__WORK TO COMPLETE__. All lines from the one containing "(图 C-95)(图 C-95)(图" through the end of the data below are to be repeated exactly, with pictures left out.

__DATA SECTION__.
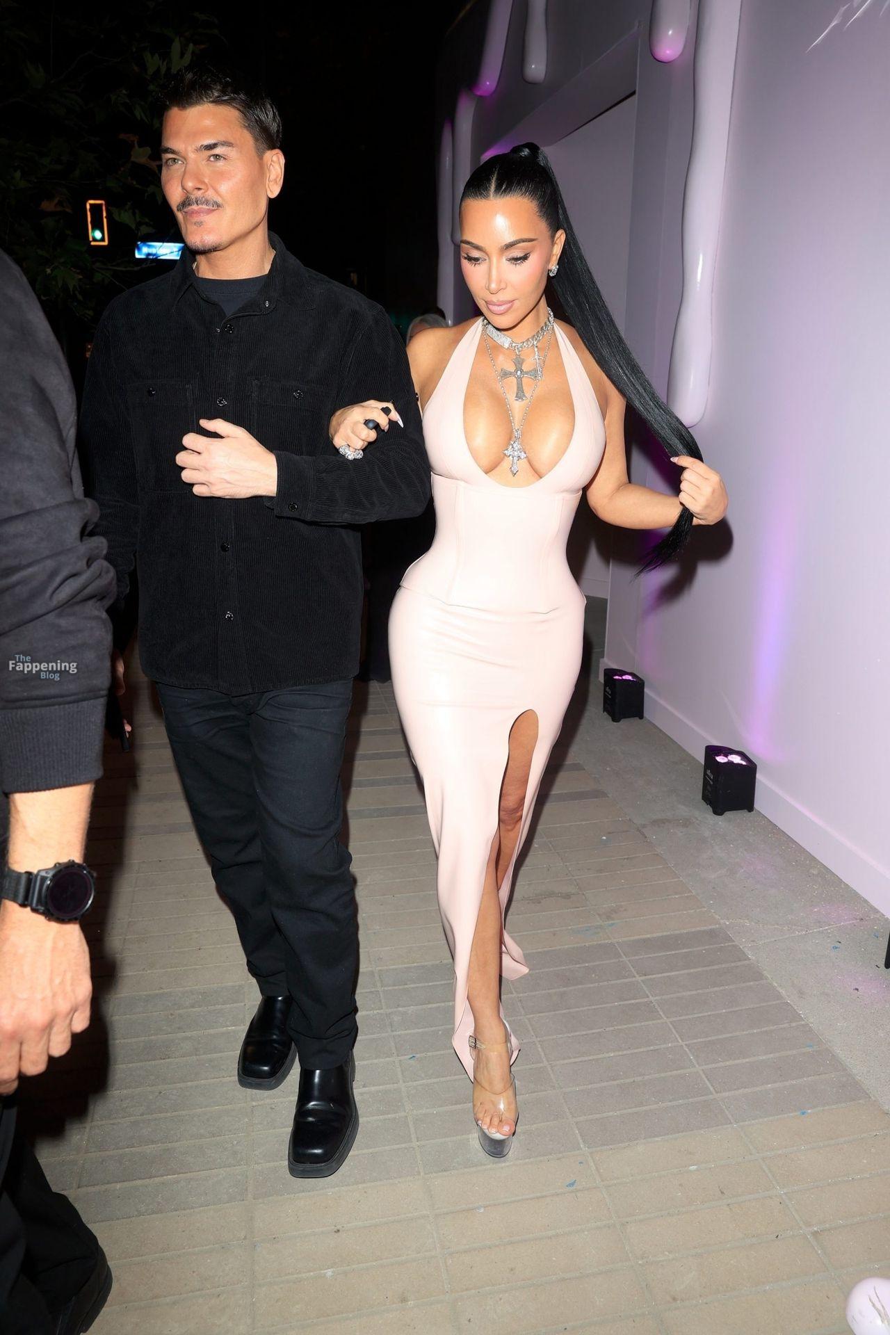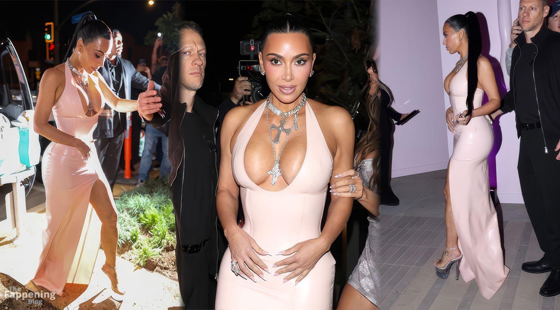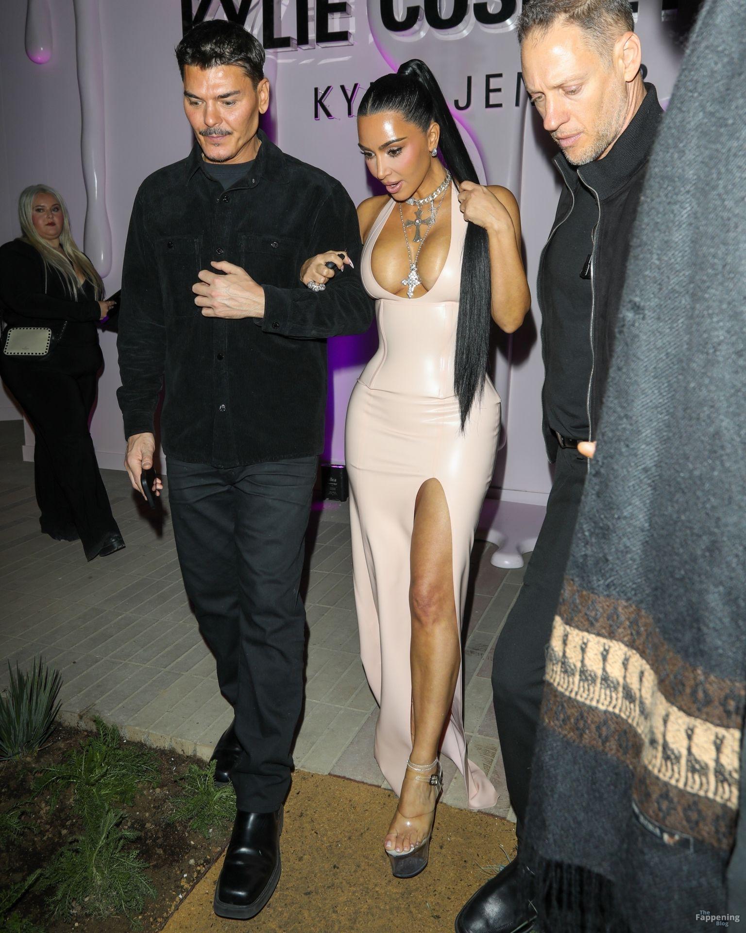 Kim Kardashian erschien bei Kylies Pop Up Kylie Cosmetics Event in West Hollywood und trug ein Latexkleid, aus dem ihre Brüste und ihr Hintern förmlich herauszubrechen schienen.
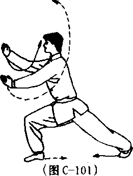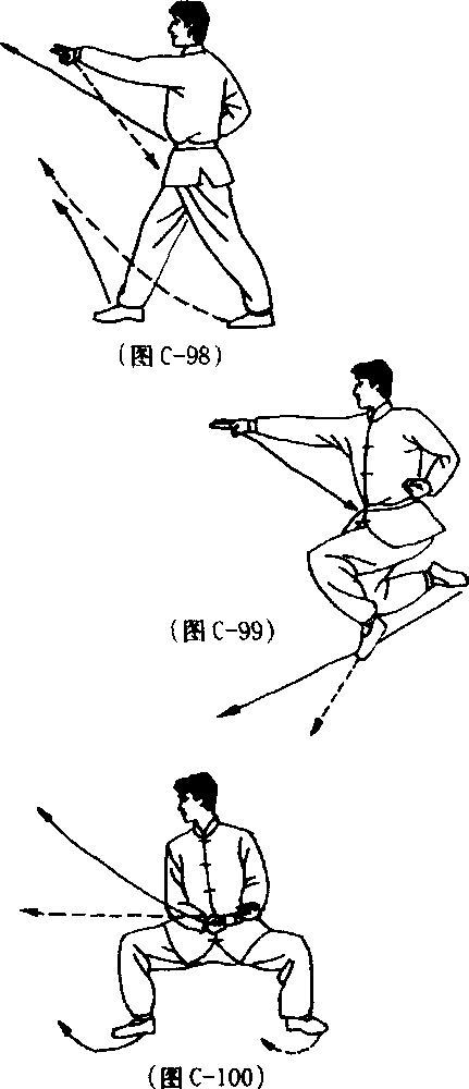 (图 C-95)(图 C-95)(图 C-96)(图 C-96)(图 097)(图 097)(1)接上式,上体右转90° ; 左腿随转体向右前方落步,右脚 外摆前顺;同时,两拳抱于腰间; 目视前方。(图C-97)
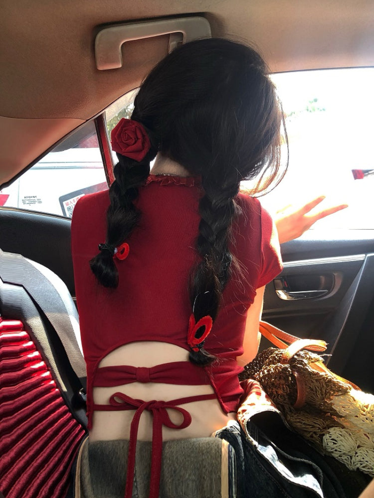 • Design: Open-back heart cutout, colorful multi-straps, and contrast trim details
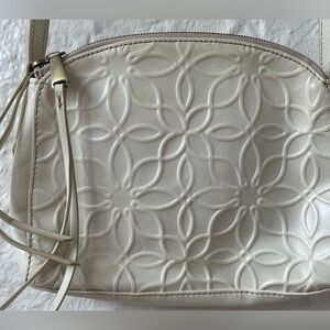 HOBO Cream Leather Crossbody Bag Cream leather crossbody bag by Hobo International Swirl design Opens to 3 separate compartments Floral lining Adjustable strap

__TASK ANSWER__.
 (图 C-95)(图 C-95)(图 C-96)(图 C-96)(图 097)(图 097)(1)接上式,上体右转90° ; 左腿随转体向右前方落步,右脚 外摆前顺;同时,两拳抱于腰间; 目视前方。(图C-97)
 • Design: Open-back heart cutout, colorful multi-straps, and contrast trim details
 HOBO Cream Leather Crossbody Bag Cream leather crossbody bag by Hobo International Swirl design Opens to 3 separate compartments Floral lining Adjustable strap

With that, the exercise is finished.